Medical evaluation is necessary to rule out liposarcoma, a rare malignant tumor, if the lump grows rapidly, feels firm, or is painful.
Monitoring is sufficient for small, painless lipomas.
Surgical removal is the most effective treatment for big, painful, or cosmetically unpleasant lesions.
If minimum scarring is desired, liposuction may be attempted, but recurrence risk is increased.
Consult a healthcare expert before making any decisions, especially if the lump changes in size or texture.

Is lipoma dangerous?

Lipomas rarely cause harm. These fat cell growths are usually innocuous.

Why Are Lipomas Generally Safe?

Benign in nature: Lipomas do not spread to other body parts.
Slow growth: They grow slowly and frequently remain small.
No cancer risk: Lipomas do not cause cancer.

Situations requiring medical attention

Rapid growth or enlargement may occur.
Choose a firm texture over soft and rubbery.
Nerve or blood vessel pressure may cause pain or soreness.
• The tumor may be located deep inside muscles or organs, potentially interfering with their function.
The tumor may have an unusual appearance due to its irregular form, which is rooted in deeper tissues.
A liposarcoma, a rare malignant tumor, may imitate a lipoma.

Lipoma removal without surgery?

Non-Surgical Options

Steroid injections:
Reduce lipoma by destroying fat cells.
Steroid injections typically decrease the size of the lipoma, but they rarely eliminate it completely.
Possible recurrence.
Minimally invasive liposuction:
A thin tube is used to remove fatty tissue.
The procedure results in less scarring when compared to excision.
The capsule retention increases the risk of recurrence.

What Doesn't Work

Home cures, herbal therapies, and topical creams lack scientific evidence of efficacy.
Diet and exercise do not reduce lipomas, which are localized fat cell growths unrelated to body fat.

Key Takeaway

Surgical excision is the only permanent solution. Nonsurgical techniques such as steroids and liposuction may reduce the lump's size but not eliminate it. When a lipoma is small, painless, and not irritating, observation is usually the best treatment.

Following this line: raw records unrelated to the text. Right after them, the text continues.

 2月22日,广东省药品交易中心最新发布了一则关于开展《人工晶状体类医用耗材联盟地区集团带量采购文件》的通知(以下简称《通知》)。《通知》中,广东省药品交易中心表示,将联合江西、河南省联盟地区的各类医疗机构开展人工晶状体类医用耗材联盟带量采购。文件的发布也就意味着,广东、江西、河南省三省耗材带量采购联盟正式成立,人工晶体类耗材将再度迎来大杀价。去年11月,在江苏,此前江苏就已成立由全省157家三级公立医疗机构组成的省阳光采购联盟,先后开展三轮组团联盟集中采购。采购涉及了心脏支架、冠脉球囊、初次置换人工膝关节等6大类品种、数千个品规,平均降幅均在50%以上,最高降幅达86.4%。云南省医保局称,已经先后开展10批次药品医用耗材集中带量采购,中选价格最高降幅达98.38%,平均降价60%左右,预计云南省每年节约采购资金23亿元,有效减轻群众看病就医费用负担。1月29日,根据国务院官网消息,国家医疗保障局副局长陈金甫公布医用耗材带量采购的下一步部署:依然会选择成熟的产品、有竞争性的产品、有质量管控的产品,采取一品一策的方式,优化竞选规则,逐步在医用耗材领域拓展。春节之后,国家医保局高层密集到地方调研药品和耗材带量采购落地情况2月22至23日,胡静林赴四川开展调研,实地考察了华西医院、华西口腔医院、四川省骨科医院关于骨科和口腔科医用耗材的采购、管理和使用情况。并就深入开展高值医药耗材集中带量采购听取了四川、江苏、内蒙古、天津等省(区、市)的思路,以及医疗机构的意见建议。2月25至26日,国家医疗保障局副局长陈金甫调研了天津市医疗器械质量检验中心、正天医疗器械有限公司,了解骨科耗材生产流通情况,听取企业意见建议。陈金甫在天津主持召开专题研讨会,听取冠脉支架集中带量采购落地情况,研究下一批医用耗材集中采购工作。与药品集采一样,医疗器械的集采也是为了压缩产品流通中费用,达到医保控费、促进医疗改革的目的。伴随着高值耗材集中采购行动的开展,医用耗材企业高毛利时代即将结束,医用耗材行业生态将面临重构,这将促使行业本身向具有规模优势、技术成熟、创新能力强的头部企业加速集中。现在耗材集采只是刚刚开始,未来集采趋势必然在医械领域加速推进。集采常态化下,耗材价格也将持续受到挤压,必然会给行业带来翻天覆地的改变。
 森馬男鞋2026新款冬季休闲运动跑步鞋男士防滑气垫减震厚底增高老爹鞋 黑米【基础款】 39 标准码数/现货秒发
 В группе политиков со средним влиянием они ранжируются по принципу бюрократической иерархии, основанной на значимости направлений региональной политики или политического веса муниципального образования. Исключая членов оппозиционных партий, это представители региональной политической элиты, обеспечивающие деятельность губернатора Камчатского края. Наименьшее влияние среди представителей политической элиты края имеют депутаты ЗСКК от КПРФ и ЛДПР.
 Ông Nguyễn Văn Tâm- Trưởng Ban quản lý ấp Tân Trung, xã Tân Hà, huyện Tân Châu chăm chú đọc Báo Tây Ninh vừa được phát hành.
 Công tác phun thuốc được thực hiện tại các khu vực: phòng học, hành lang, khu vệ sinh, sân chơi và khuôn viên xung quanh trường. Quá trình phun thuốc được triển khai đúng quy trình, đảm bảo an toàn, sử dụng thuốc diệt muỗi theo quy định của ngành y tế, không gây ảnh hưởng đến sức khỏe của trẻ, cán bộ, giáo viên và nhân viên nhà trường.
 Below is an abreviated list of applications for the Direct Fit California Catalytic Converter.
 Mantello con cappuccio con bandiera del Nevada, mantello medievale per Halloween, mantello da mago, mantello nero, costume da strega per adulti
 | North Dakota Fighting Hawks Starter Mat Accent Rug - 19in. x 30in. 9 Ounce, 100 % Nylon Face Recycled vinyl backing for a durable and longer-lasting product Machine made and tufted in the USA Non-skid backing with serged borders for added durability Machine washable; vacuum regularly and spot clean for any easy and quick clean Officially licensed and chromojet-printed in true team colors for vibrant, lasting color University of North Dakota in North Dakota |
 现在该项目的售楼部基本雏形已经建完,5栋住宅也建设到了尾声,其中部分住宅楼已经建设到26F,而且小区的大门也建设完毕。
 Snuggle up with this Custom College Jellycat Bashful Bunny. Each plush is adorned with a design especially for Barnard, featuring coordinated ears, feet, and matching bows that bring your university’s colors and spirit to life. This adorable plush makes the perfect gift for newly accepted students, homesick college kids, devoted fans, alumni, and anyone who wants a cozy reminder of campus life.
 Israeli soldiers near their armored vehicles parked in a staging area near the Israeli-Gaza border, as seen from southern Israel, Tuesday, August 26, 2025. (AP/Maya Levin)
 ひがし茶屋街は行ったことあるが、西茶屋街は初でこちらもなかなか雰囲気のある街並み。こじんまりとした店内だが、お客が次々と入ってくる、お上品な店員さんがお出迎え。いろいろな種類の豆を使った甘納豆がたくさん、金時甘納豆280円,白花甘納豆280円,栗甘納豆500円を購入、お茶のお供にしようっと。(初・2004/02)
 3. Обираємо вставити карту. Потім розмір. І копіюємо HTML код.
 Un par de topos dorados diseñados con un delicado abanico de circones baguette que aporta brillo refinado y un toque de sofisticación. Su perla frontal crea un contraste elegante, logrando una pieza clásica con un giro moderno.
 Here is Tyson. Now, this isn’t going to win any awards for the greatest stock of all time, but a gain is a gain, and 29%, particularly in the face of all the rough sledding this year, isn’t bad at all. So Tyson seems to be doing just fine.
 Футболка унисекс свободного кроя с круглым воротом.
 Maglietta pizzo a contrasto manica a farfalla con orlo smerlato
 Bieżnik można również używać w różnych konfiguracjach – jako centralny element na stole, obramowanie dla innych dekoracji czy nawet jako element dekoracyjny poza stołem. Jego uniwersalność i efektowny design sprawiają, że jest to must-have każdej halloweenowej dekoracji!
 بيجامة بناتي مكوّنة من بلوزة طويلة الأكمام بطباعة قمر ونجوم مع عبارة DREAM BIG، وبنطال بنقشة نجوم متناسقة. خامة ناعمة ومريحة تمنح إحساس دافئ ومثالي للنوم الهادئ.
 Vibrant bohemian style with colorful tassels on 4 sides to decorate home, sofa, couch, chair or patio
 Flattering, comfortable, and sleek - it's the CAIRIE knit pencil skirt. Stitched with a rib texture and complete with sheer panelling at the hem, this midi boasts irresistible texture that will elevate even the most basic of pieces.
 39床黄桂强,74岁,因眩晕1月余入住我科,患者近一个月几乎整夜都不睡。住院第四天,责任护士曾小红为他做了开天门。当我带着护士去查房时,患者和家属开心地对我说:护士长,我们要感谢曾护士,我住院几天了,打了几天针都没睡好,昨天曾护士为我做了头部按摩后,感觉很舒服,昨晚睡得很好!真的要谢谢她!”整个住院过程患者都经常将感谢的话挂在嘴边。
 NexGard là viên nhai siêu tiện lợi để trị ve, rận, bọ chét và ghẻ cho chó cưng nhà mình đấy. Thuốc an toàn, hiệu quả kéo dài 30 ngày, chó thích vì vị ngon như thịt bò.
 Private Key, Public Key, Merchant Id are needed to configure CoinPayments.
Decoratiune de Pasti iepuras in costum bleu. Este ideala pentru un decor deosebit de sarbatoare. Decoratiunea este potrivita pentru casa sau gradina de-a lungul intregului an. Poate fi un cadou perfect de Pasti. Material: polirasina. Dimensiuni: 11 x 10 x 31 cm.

Untreated lipomas—what happens?

A typical outcome of untreated lipomas

Stable: Lipomas may maintain their size for years without producing difficulties.
Slow growth: Some may not grow rapidly but may gradually enlarge.
Low risk of cancer: Lipomas seldom develop malignancy. They're not cancerous.
Cosmetic concerns: Even if medically innocuous, visible bumps can be irritating.

Possible Complications

Although rare, untreated lipomas can cause:

Tenderness or pain: When pressing on nerves, muscles, or blood vessels.
The presence of large lipomas near joints or muscles might limit mobility.
Multiple lipomas: Individuals may acquire multiple lumps (lipomatosis).
Confusion in diagnosis: A fast-growing or firm lump may be liposarcoma, a rare malignant tumor that needs medical attention.

Conclusion

When necessary, surgical removal is best, although liposuction and steroid injections may diminish but rarely remove them. Lipomas are harmless and do not cause cancer, but a lump that changes abruptly, feels solid, or hurts should be examined. Lipomas are normally harmless. Most can be left untreated, but monitoring changes and seeing a doctor when necessary ensures peace of mind and effective treatment.